Three decades ago, most of the children with acute lymphoblastic leukemia achieved initial disease remission after chemotherapy, only to later relapse and die. In a stunning reversal, about 95% of the children with this form of leukemia now survive. During this time we have also made major progress in the treatment of many other forms of childhood cancer, including tumors affecting the brain. How did this transformation come about, and are there lessons that might be applied to other serious diseases of children?
The development of new chemotherapeutic agents and more effective drug combinations and dosing undoubtedly improved cancer treatment results in children. But it was the advent of collaborative clinical trial groups for childhood cancer that allowed new drugs and new drug combinations to be efficiently evaluated. The National Cancer Institute- supported Children’s Oncology Group now includes some 8,000 childhood cancer experts at over 200 children’s hospitals. Over 90% of the children and adolescents with cancer in the United States are treated at one of these facilities, and more than 60% of children with cancer are enrolled in one or more clinical trials. In contrast, only a small fraction of adults with cancer enter clinical trials, and progress has been less remarkable for the tumors that commonly occur in adults.
Collaboration on this scale allows even uncommon disorders to be studied more rapidly and more meaningfully.

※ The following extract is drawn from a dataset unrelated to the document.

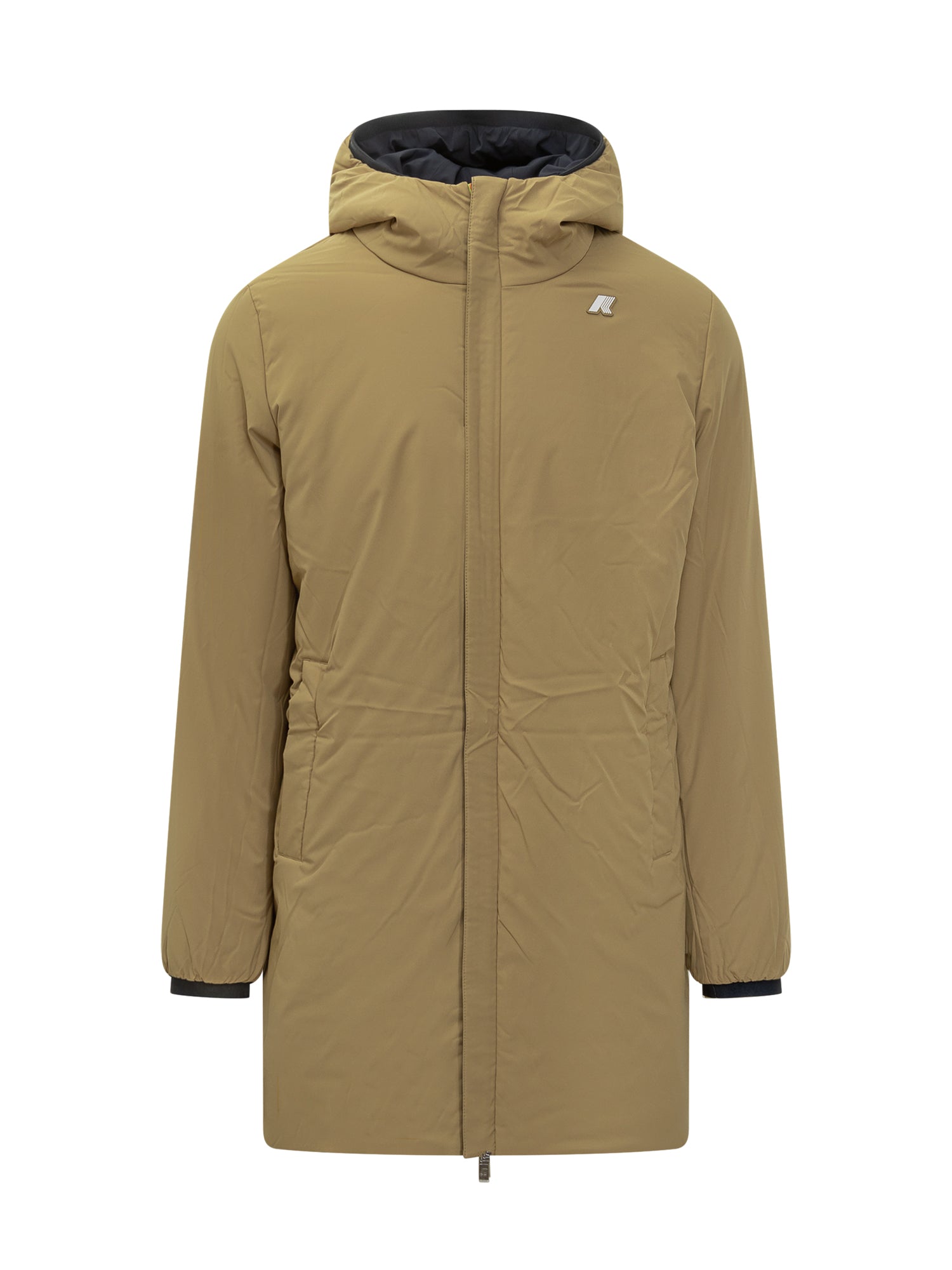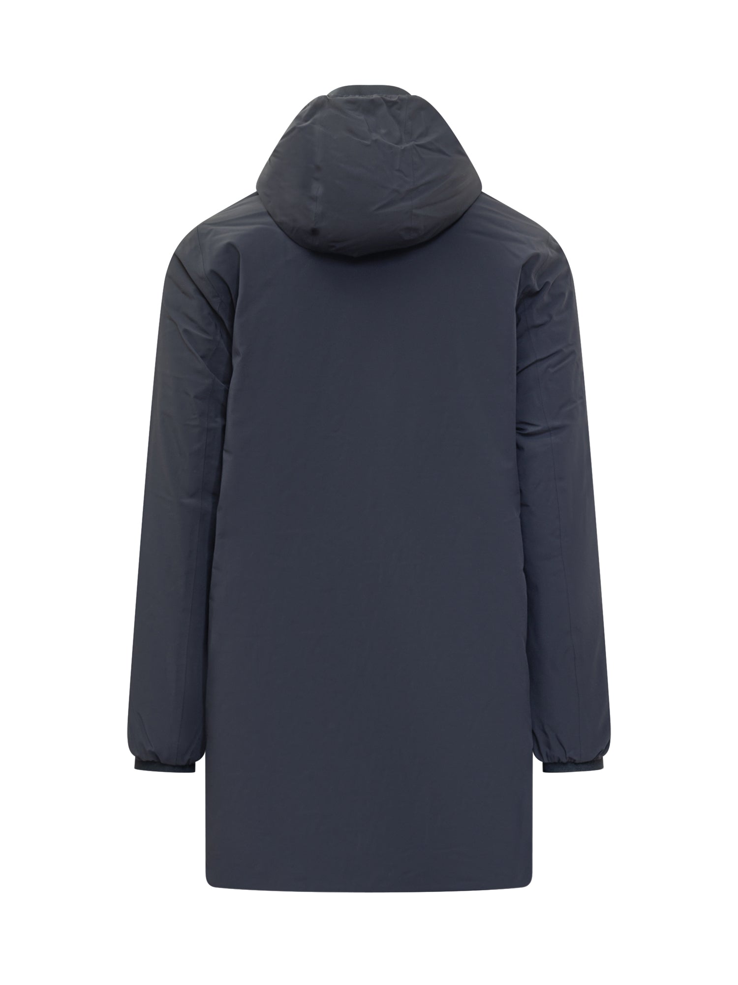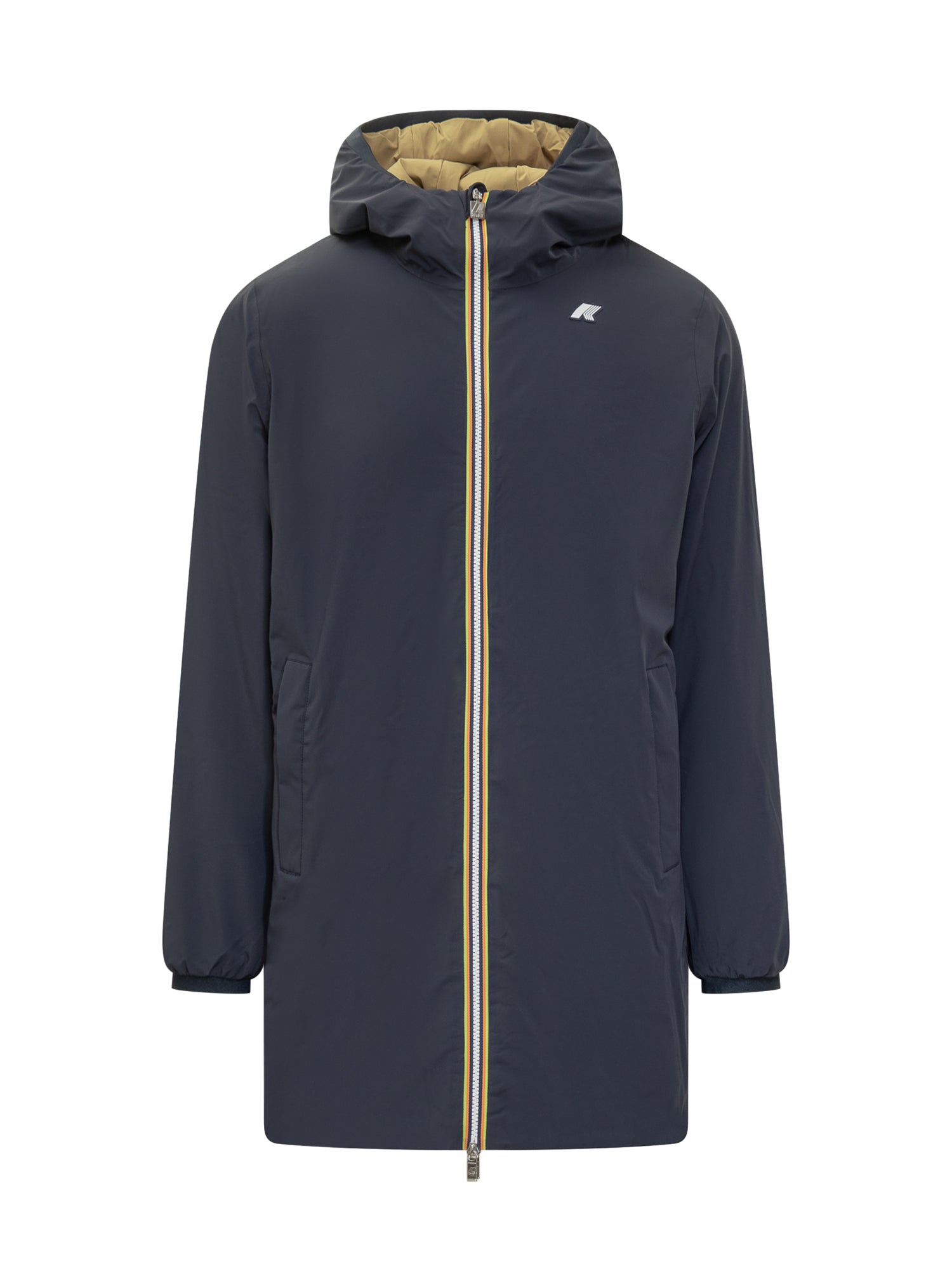K-Way Jacob St Warm Double parka in blue with hood and multicolor zip. Reversible padded design.

Embedding the study plan into a treatment roadmap facilitates participation and ensures a uniform treatment approach aside from the study variables. Although the accumulation of data is slower for uncommon conditions, we still learn from every enrolled patient. A similar network would also facilitate treatment trials for neurological diseases.
Several disease-specific research collaborative groups have formed in the last several years, but developing and maintaining a clinical trials network, even on a smaller scale, necessitates planning, effective infrastructure, and adequate funding. The recently created Network for Excellence in Neuroscience Clinical Trials (NeuroNEXT) program provides a mechanism to rapidly evaluate new selected techniques or treatments for neurological disorders. The program promotes interaction between multiple academic centers, foundations, and industry, and it is specifically designed to include both children and adults. NeuroNEXT has twenty- five approved centers, but investigators from other centers can be included for specific projects.

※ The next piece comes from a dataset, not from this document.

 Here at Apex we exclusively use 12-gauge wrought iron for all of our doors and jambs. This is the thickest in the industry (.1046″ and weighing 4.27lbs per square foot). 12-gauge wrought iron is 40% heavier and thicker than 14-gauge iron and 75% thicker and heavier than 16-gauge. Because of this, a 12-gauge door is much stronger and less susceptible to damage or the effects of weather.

The NeuroNEXT program makes it feasible to rapidly apply new scientific discoveries and to evaluate promising therapies for neurological disorders. This is an excellent opportunity to spur the development of novel treatments, particularly those that would have languished without the benefit of an established trials network and the infrastructure to maintain it. Perhaps it will also enable us to learn more of the lessons that every patient has to teach us.
“The NeuroNexT program makes it feasible to rapidly apply new scientific discoveries and to evaluate promising therapies for neurological disorders.”